This repo contains the source code for reproducing the results presented in the paper: Using machine learning to count Antarctic shag (Leucocarbo bransfieldensis) nests on Remotely Piloted Aircraft Systems images .
It is recommended to create a new conda environment for this package, especially if you wish to work with QGIS (required for tiling images):
conda create -n nests python=3.10
conda activate nests
Install the project:
git clone https://github.com/Appsilon/antarctic-nests.git
cd antarctic-nests
pip install -r requirements.txt
From within the antarctic-nests
directory, install YOLOv6:
git clone -b v3 https://github.com/meituan/YOLOv6
cd YOLOv6
pip install -r requirements.txt
Note that currently the repo works with the v3
release of YOLOv6.
Both training and inference are carried out within the YOLOv6 runs
directory, which are then copied over to the main repositories results
directory.
An additional weights file must be downloaded in order to carry out training, which YOLO will attempt to download automatically. However, if this does not work, create a YOLOv6/weights
directory, download the weights file using this link, and place it into the folder.
During training the necessary folders will be created in the YOLOv6 directory, however for ad-hoc analysis an model folder will have to be placed in the YOLOv6/runs/train/
directory with the following structure:
model_name
├── weights
| └── best_ckpt.pt
During inference a YOLOv6/runs/val/model_name
folder will be created with prediction json and weights file.
To prepare datasets from original TIFF and ground truth sets, QGIS also needs to be installed:
conda install qgis --channel conda-forge
To use QGIS the conda_env_name
in config.py
must be the name of the environment in which QGIS is located. If you installed QGIS in the nests
environment you do not need to update this variable.

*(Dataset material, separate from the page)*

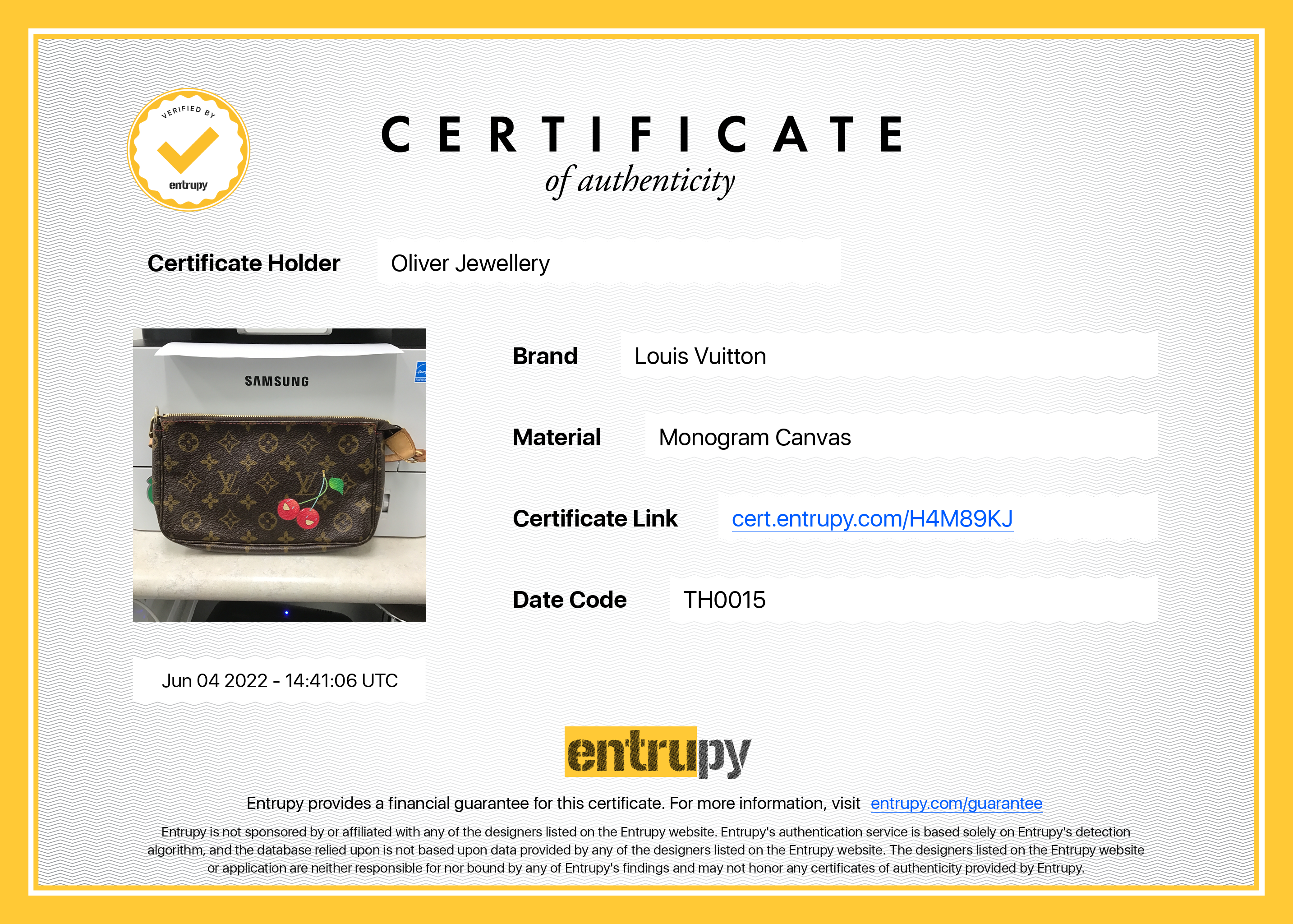 Included Items: Original Louis Vuitton Dust Bag & Entrupy Certificate of Authenticity #: H4M89KJ

The data used in this project can be found here. Download the .zip
archive and unzip it into the data
folder. You can use the following command for the download (assuming you are in the antarctic-nests/data
directory):
gsutil cp gs://antarctic-nests-data/all_islands.zip
The predictions from the released model on all_islands, can be found here.
The end2end.ipynb
notebook contains all of the steps required to preprocess datasets (using QGIS), train and evaluate models, and post-process results.
For more information on the individiual steps and options, please see the following README's:
New datasets should be added to the data directory in the following format:
dataset_name
├── raw
| ├── shapefiles
| | ├── shapefile1.shp
| | ├── shapefile2.shp
| | └── ...
| ├── tifs
| | ├── image1.tif
| | ├── image2.tif
| | └── ...
In the case of multiple locations contained within a single shapefile, the dataset should be split into multiple datasets, each containing the TIFF files that correspond to that location and the shapefile.
The shapefile column and identifier that separates the locations must be provided in the split_col
and split_id
parameters, see the end2end notebook for an example.
In the release you will find the weights for the model results from which we published in the paper. To make use of them, download the attached .zip
file and unzip into YOLOv6/runs/train/...
.
To reproduce plots from the published paper, follow the plots_for_paper notebook.